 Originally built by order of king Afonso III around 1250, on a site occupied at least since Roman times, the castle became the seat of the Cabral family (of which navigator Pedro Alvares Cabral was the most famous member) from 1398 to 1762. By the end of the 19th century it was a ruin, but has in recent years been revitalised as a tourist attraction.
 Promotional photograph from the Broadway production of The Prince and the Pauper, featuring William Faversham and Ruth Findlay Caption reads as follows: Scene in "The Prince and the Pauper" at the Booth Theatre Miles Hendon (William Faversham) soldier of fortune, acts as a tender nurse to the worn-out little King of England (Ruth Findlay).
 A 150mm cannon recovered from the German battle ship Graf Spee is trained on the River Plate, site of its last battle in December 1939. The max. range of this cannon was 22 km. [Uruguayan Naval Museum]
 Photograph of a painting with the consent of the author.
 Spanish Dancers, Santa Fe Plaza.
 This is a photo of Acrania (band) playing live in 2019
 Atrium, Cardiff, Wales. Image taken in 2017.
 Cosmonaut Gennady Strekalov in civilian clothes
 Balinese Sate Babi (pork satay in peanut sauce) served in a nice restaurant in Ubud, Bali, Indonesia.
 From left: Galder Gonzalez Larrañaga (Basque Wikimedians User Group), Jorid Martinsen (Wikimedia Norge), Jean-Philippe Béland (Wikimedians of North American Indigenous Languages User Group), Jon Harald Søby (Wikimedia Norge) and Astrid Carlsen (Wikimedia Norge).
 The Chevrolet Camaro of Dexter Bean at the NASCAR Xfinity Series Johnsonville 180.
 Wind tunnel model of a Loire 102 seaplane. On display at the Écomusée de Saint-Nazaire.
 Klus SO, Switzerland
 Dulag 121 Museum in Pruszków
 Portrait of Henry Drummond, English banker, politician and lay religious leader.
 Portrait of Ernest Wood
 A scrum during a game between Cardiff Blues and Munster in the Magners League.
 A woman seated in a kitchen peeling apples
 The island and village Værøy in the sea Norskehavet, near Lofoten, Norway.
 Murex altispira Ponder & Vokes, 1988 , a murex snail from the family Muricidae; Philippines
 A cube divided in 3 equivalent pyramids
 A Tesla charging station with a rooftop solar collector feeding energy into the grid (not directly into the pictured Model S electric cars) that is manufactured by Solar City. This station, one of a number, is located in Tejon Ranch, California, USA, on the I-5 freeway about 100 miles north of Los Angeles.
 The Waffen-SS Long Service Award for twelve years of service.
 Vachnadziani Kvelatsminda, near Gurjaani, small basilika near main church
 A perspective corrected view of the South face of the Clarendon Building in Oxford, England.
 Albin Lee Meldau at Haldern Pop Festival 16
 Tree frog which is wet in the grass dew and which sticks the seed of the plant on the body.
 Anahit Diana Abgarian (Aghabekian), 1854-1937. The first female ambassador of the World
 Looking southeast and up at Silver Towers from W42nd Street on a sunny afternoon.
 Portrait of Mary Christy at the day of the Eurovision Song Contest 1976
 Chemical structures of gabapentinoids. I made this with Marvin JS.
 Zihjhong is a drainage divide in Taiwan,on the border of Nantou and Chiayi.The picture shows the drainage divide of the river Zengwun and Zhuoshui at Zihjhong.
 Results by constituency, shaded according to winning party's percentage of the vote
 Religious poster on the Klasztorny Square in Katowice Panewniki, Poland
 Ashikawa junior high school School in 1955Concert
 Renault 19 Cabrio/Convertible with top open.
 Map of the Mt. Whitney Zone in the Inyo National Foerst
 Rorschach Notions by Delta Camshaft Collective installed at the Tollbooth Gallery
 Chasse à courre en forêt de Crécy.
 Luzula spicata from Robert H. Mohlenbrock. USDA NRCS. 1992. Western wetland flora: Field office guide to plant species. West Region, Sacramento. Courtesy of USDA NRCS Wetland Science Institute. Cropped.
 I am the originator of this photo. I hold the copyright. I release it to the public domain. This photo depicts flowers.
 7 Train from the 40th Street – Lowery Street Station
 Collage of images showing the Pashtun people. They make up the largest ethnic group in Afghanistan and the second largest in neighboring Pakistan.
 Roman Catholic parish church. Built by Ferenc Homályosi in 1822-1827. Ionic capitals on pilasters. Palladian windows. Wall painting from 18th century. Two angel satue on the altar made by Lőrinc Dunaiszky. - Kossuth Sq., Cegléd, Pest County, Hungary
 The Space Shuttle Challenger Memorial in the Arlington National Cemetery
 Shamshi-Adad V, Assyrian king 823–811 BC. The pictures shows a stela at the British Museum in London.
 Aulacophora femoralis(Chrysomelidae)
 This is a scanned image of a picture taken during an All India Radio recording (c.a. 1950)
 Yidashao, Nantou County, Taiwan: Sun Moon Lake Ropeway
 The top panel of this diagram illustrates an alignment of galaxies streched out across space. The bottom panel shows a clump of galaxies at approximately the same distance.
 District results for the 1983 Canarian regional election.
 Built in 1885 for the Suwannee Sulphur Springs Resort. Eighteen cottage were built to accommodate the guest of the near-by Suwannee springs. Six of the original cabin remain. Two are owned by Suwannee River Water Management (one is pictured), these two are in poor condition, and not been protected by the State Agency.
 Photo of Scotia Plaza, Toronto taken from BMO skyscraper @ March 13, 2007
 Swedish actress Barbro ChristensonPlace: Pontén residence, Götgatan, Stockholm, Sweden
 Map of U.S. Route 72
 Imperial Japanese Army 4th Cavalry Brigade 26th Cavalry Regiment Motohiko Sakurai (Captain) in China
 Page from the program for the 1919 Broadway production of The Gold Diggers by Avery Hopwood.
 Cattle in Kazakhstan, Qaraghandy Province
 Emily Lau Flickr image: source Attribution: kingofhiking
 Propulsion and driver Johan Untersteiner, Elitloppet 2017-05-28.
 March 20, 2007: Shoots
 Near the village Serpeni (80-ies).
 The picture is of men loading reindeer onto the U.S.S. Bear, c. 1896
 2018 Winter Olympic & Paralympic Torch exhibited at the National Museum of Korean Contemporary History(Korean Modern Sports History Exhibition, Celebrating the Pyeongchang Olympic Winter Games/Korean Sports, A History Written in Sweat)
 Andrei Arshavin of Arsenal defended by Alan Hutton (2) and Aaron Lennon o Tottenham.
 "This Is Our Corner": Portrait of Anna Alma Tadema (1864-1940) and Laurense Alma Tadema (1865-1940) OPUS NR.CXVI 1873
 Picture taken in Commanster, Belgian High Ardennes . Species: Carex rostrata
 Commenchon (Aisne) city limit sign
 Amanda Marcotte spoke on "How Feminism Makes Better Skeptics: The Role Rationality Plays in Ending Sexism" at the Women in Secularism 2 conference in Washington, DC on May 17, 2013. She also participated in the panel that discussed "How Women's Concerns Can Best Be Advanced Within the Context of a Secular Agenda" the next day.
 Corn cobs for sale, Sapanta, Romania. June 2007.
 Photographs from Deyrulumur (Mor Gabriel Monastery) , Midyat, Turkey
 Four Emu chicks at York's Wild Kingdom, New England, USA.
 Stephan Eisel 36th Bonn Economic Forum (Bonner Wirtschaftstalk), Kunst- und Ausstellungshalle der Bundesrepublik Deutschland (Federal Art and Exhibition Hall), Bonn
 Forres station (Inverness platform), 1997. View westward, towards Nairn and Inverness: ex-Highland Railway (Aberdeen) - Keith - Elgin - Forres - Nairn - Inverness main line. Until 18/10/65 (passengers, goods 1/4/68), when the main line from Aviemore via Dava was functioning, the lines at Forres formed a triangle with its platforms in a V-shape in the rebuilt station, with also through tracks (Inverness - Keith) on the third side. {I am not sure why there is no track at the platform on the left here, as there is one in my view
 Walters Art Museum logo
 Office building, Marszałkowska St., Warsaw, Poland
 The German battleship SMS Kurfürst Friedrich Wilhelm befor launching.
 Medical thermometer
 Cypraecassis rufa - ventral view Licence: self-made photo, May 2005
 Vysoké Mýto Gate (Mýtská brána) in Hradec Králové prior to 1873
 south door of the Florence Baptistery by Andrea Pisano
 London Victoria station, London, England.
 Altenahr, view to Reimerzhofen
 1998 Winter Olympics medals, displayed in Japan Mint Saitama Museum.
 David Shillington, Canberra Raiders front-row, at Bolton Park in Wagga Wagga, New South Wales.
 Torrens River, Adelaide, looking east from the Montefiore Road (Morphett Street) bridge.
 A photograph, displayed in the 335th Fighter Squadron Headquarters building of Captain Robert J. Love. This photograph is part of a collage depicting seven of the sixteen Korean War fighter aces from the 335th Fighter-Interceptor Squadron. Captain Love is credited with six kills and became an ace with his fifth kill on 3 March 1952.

────────────────────

• Exercise goal
Only lines containing "taken" belong in the answer; copy every such line from the records.

• Final answer
 Atrium, Cardiff, Wales. Image taken in 2017.
 This is a scanned image of a picture taken during an All India Radio recording (c.a. 1950)
 Photo of Scotia Plaza, Toronto taken from BMO skyscraper @ March 13, 2007
 Picture taken in Commanster, Belgian High Ardennes . Species: Carex rostrata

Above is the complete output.